I read those messages for the purpose of amusement.  I stuck with what I know.

One person wanted to know about adverse possession.  He didn't qualify.  Another is burdened with debts and wanted to know options available.  The saddest case was a person whose mother gave her power of attorney to her husband who the client says has siphoned her money away from her.  Boy did this sound familiar.  My buddy Rick and I sued the sister of a man who was confined to the nursing home with a stroke.  She did the same thing with his POA.  It's a story as old as the Bible.  Rick and I somehow got all but about 5 grand back.  Which never happens.  And I fear that it won't happen for the writer of the email.  But all you can do with "Free Legal Answers" is give them advice and wish them luck.  
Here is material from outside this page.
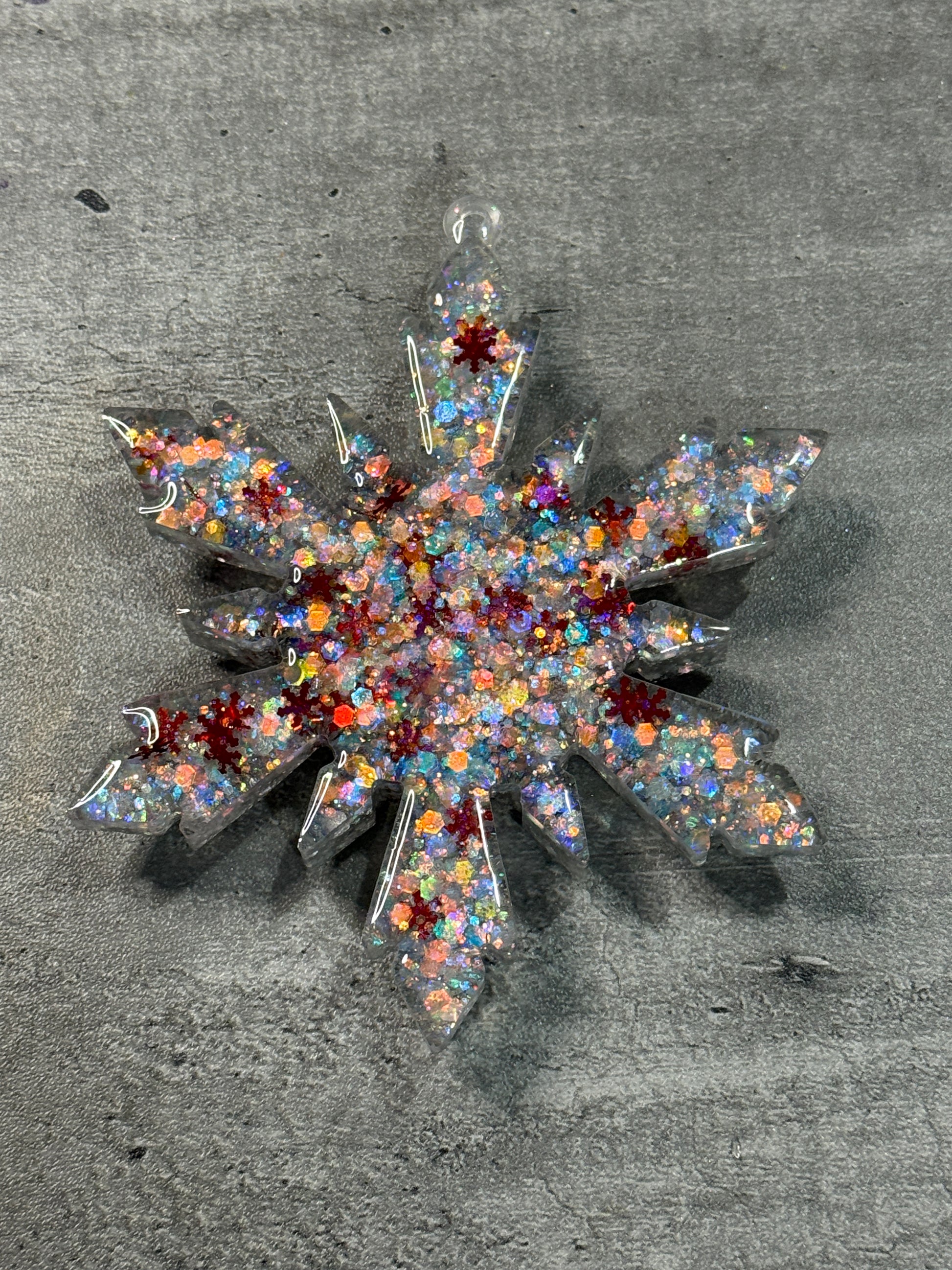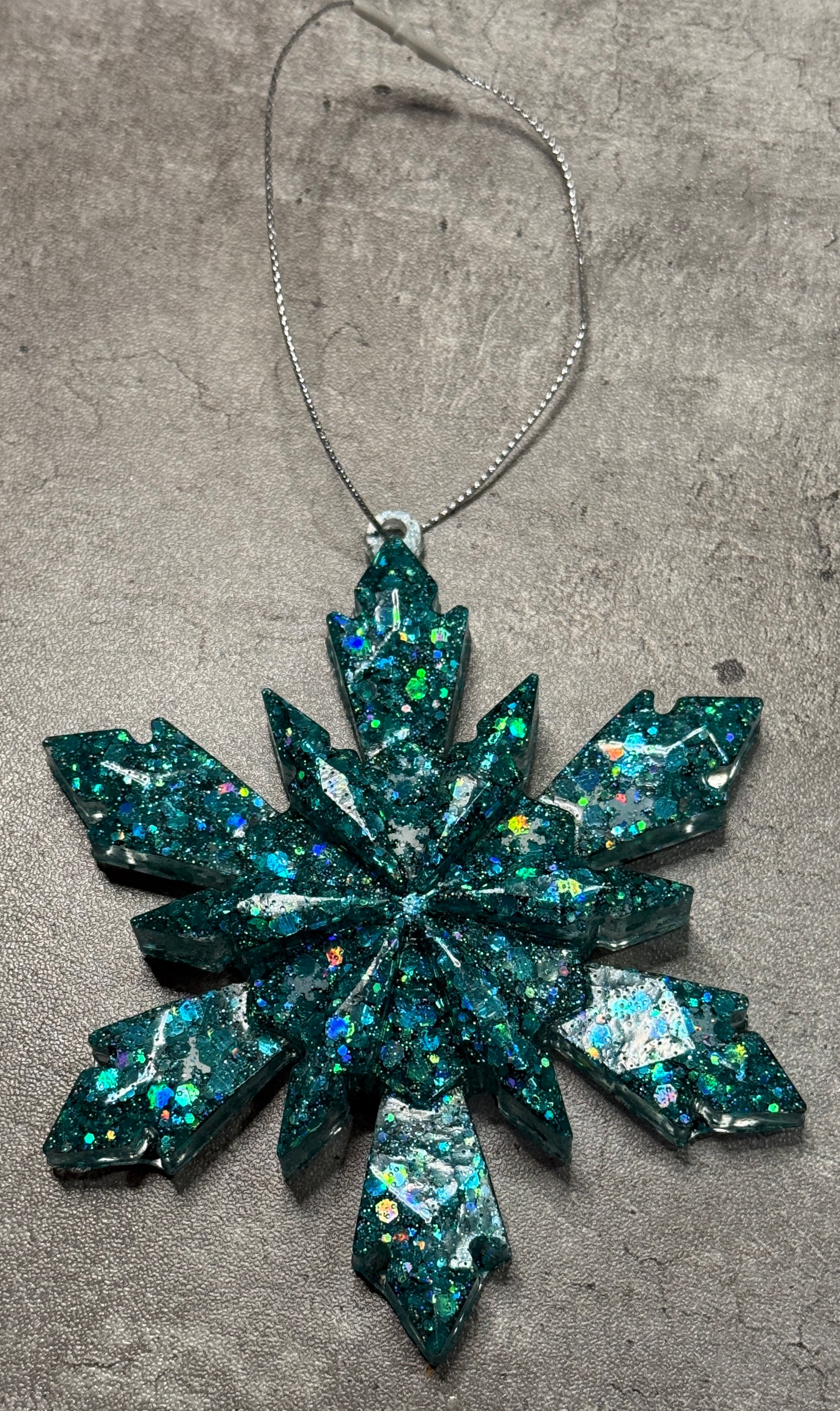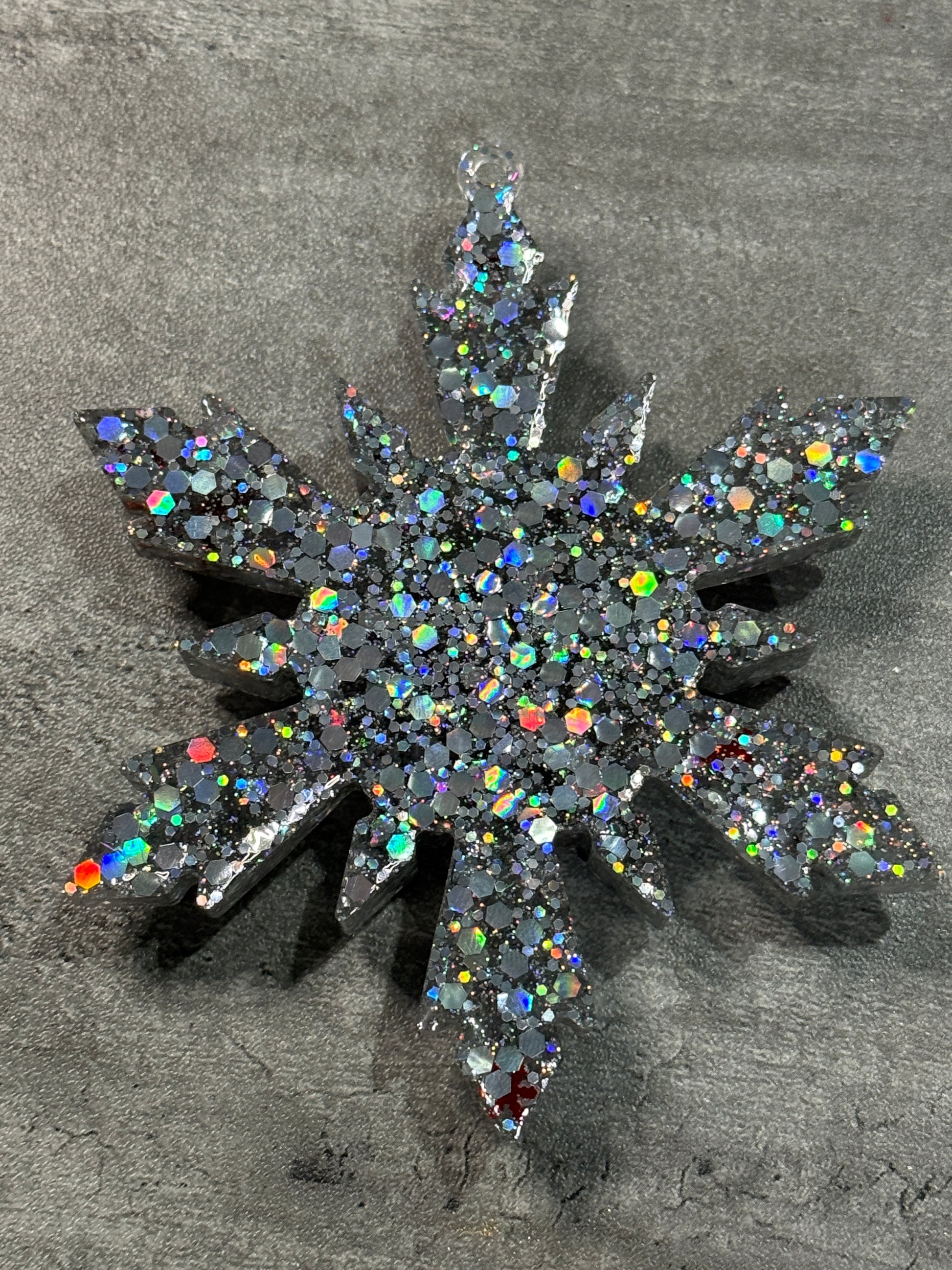 Crafted from durable resin and adorned with sparkling glitter, our large Snowflake Christmas Ornament adds a touch of holiday charm to any tree. This is the perfect addition to your festive décor.

But like I said, it's a great idea.  And the client has no idea who I am and can't see that I am wearing a Ramones tee shirt and drinking gin while answering their question.  

Why didn't they think this up years ago?


***

The Deacon and I went up to Bentonville last weekend to spend the day at Crystal Bridges which is a world class art gallery stuck in the Northwest corner of the state.  When I was a kid, there was absolutely nothing in Bentonville.  Now it's a financial powerhouse due to Wal-Mart and it's also pretty much an artist's colony.  

The area around the town square has walking and bicycle path as does the area around the museum.  It was relatively pleasant for July and we spent a good bit of time walking around the place.  Bentonville is proof what can be done with sound urban planning and, granted, virtually unlimited private money.  

I thought about Bentonville as I drove past War Memorial Golf Course which was recently closed for "repurposing" by the geniuses in our new Mayor's office.  I noticed that they had torn up all the greens.  I guess they didn't want walkers out there playing golf or folks practicing chipping from what had been fairways for the last 80 years or so.  

A task force has been formed to come up with a new "purpose" for the old course.  This, despite the fact that the city claims that it is broke.  If they are really serious about this, and there are doubts about this as well, members of the task force would do well to go up to Bentonville and see how it's done right.  If only for show before they "repurpose" it as a condo community called "The Villages at War Memorial" or some dumb shit.  Which many people, myself included, halfway believe was the plan all along.

But they ought to check out Bentonville.  And from what I hear, El Dorado too.  

If only for show.  Before they sell War Memorial to some real estate developer in Dallas.